Binary search, but the division point is not (a+b)/2, but the median of the distribution piece from a to b (i.e. round(F ⁻¹ ([F(a) + F(b)]/2)) ; F(·) is a distribution function, stupidly converted from a piecewise constant form into a piecewise linear, spline, or some other).
A little suboptimal, but extremely simple.
Z.Y. This thing is quite optimal for "smooth" distributions. In the general case, it is not optimal - for example, if we have three ages with probabilities of 0.45, 0.1 and 0.45, it is worth asking the first, then the third, and even with complete bad luck the second (average 1.65 of the request), and not taking the average , and then the first or second (average 1.9 requests).
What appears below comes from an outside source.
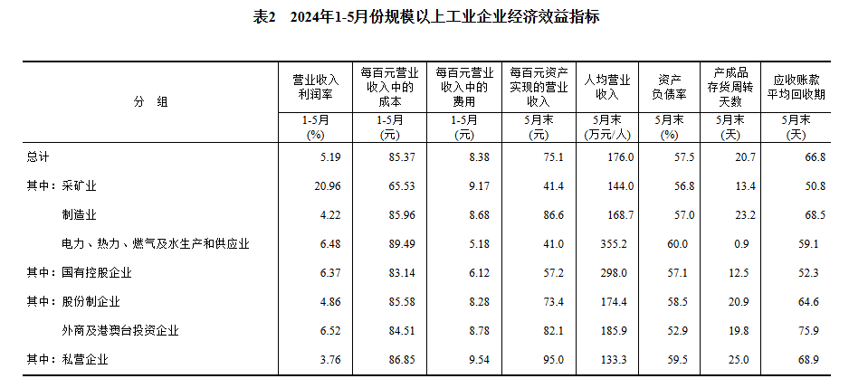 5月末,規(guī)模以上工業(yè)企業(yè)每百元資產(chǎn)實(shí)現(xiàn)的營(yíng)業(yè)收入為75.1元,同比減少2.4元;人均營(yíng)業(yè)收入為176.0萬(wàn)元,同比增加7.7萬(wàn)元;產(chǎn)成品存貨周轉(zhuǎn)天數(shù)為20.7天,同比持平;應(yīng)收賬款平均回收期為66.8天,同比增加3.4天。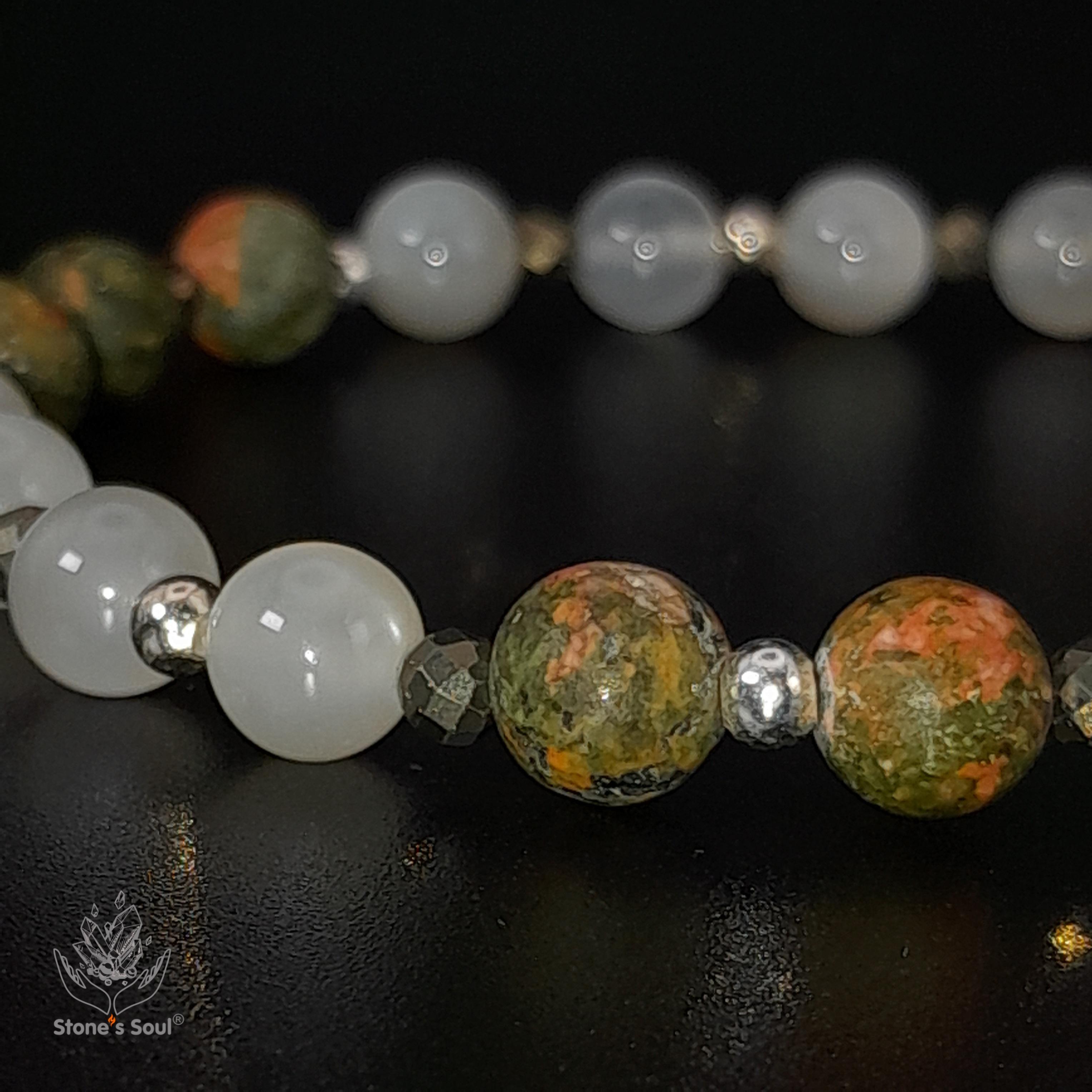 💎 Унакит, Беломорит, Пирит 📿 Бусины 6/3мм ⚜ Фурнитура серебро Артикул 1000156

If you need an exact optimum, solve the dynamic programming problem according to the criterion
N[a,b] = min{c} (1 + (N[a,c−1]p[a,c−1] + N[c+1,b]p[c+1,b]) / p[a,b]).
Boundary conditions: for a = b N[a,b] = 1; for a>b N[a,b] = 0.
p[a,b] is the total probability from a to b inclusive; computed as sum[b]−sum[a−1]; sum[i] = sum{x <= i} p(x).
N[0,M] = ?
Or, denoting Q[a,b] as N[a,b]p[a,b],
Q[a,b] = min{c} (p[c] + Q[a,c−1] + Q [c+1,b]).
Since p[0,M] = 1, then Q[0,M] = N[0,M].
Boundary conditions: for a = b Q[a,b] = p[a]; for a>b Q[a,b] = 0.
Q[0,M] = ?
The problem is solved in O(M²) operations. If you need to store all the information in order to scroll through the chain of requests at the right time - O (M²) memory; if you only specify the optimum, you can get by with O(M).

IMHO, for an accurate result - only a binary search, as you do.
All other methods are results with probability.

Try dividing by three)
Well, it would be nice to use distribution statistics to increase the chances.